The Dockerfile is fairly straightforward, using a slim Python image, installing Nyx, and setting the container to run as the tor user. Nyx can’t resolve hostnames when connecting to the endpoint, so I use the following command to extract the IP:

$ host -4 tor | grep -oE '[^ ]+$'

nyx/Dockerfile

# Latest stable slim debian image
FROM python:3-slim-buster

# Install nyx
RUN apt-get update && apt-get install -y \
  host \
  && pip install nyx

# Create the tor user, and chown everything under /etc/tor
RUN groupadd -r tor \
  && useradd --no-log-init -r -g tor tor

# Run container as tor user
USER tor

# On container run, connect to control port.
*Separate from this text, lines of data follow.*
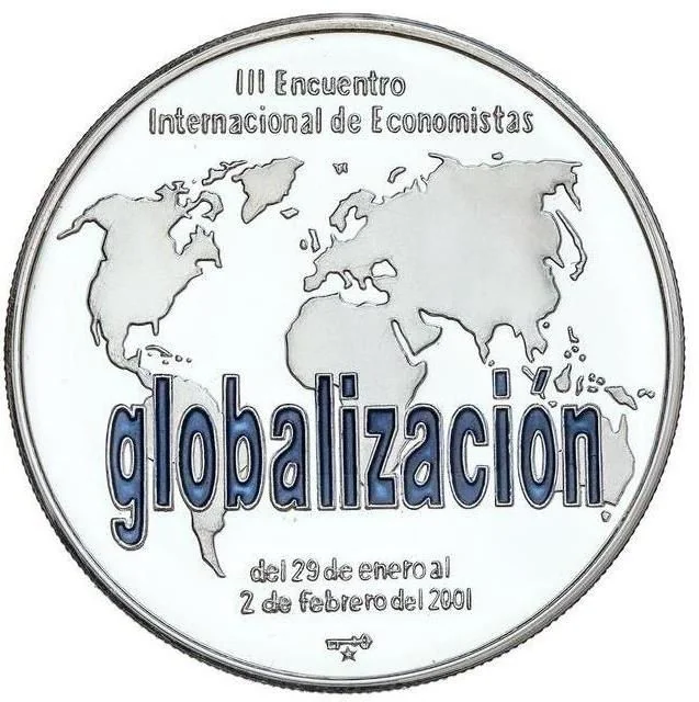 Description: World map. "Globalización" centered, event name and dates above and below. Mintmark at bottom.
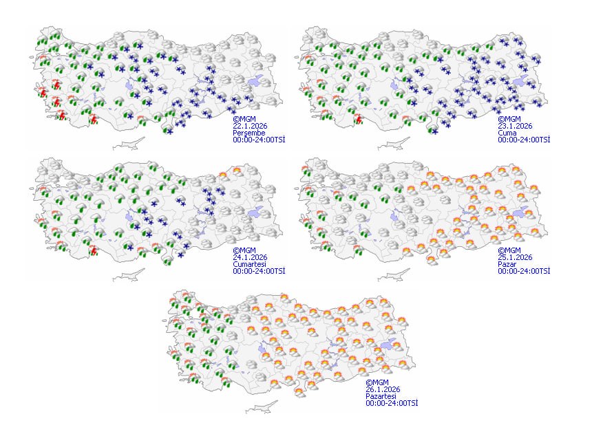 Meteoroloji Genel Müdürlüğü'nün son tahminlerine göre yurt genelinde etkili olması beklenen yağışlı hava nedeniyle vatandaşların dikkatli olması istendi. Birçok bölgede sağanak, gök gürültülü sağanak ve kar yağışı beklenirken; özellikle Ege, Akdeniz ve Güneydoğu Anadolu'da yer yer kuvvetli yağış öngörülüyor. MGM, olası sel, su baskını, kuvvetli rüzgar ve buzlanma risklerine karşı 15 il için sarı kodlu uyarı yayımladı.
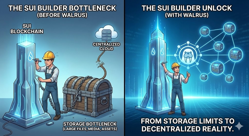 You could build fast smart contracts, parallelize transactions, and onboard users — but the moment your app needed real data, you hit the wall. Images, videos, game assets, social graphs… all quietly pushed back to centralized clouds.
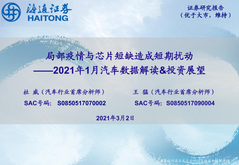 【海通证券】【20210302】2021年1月汽车数据解读&投资展望:局部疫情与芯片短缺造成短期扰动-23页
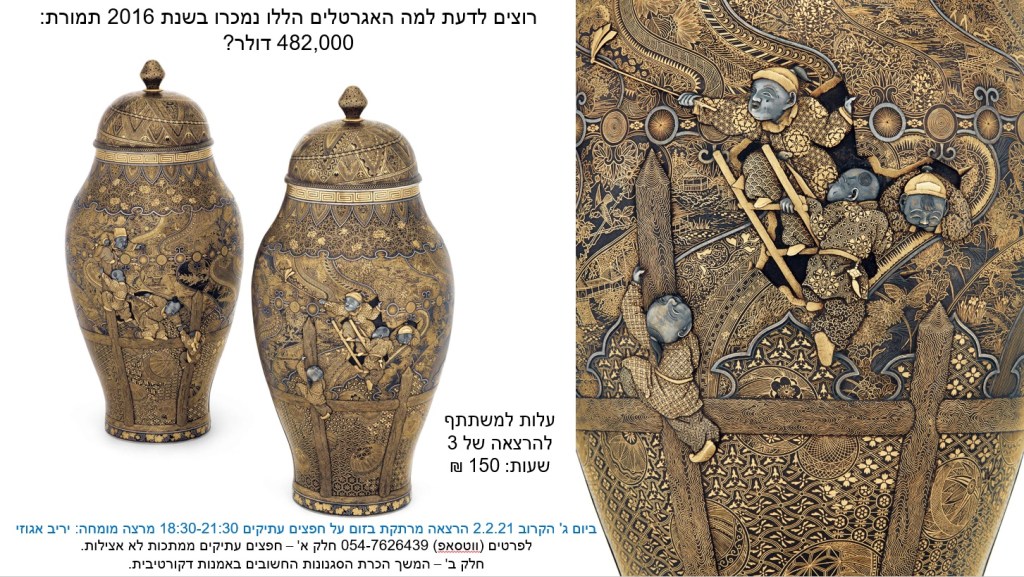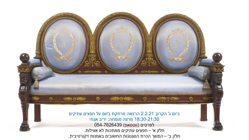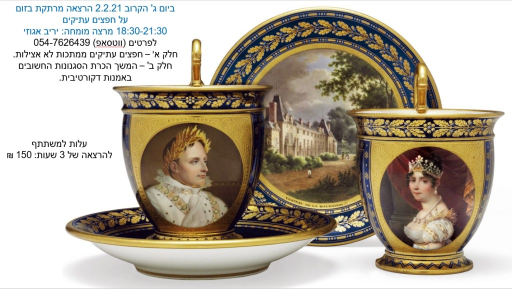 שוב נסחפתי, שוב במקום ללמד בזום על חפצים עתיקים 'רק' שלוש שעות…. דיברתי רצוף שלוש וחצי שעות…. הפעם הנושא היה חפצים עתיקים ממתכות לא אצילות והמשך הכרת הסגנונות החשובים באמנות דקורטיבית… תודה לעשרות הצופים שנרשמו וצפו בהרצאה, זה נושא מרתק ועוצר נשימה מבחינה ויזואלית. אני מתבייש להודות אבל אני נהנה יותר מהתלמידים… אני כמו ילד קטן בחנות ממתקים… החפצים הללו מרתקים ויפים כל כך… שזה עושה לי עיסוי לנפש….. ניפגש ביום ג' הבא בהרצאה חדשה בנושא אחר.
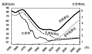 5、单选题 生育率是指不同时期、不同地区妇女或育龄妇女的实际生育水平或生育子女的数量;抚养比是指在人口中,非劳动年龄人口与劳动年龄人口之比。读“韩国生育率和抚养比示意图(含预测)”,回答下列各题。
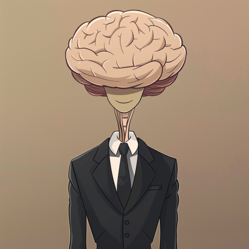 cartoon image of a well dress man in a classy suit, instead of a head there is a brain
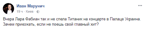 При этом фронтмен группы NRavitsa Иван Марунич пошутил, что Лара Фабиан так и не спела свой главный хит - "Титаник".

Use 'host' to determine the IP Address
# of the 'tor' container, since nyx cannot resolve hostnames.
CMD nyx -i $(host -4 tor | grep -oE '[^ ]+$'):9051 -s /var/lib/tor/control_auth_cookie

While running this container, I noticed that it has a memory leak so it’ll use as much memory as possible until docker forcibly restarts it. To avoid this, I usually pause the container with docker-compose pause nyx and unpause it with docker-compose unpause nyx when I want to attach to it.

Attaching to the container is done with:

$ docker-compose attach nyx

and to detach from the container, hit the sequence CTRL+p+q.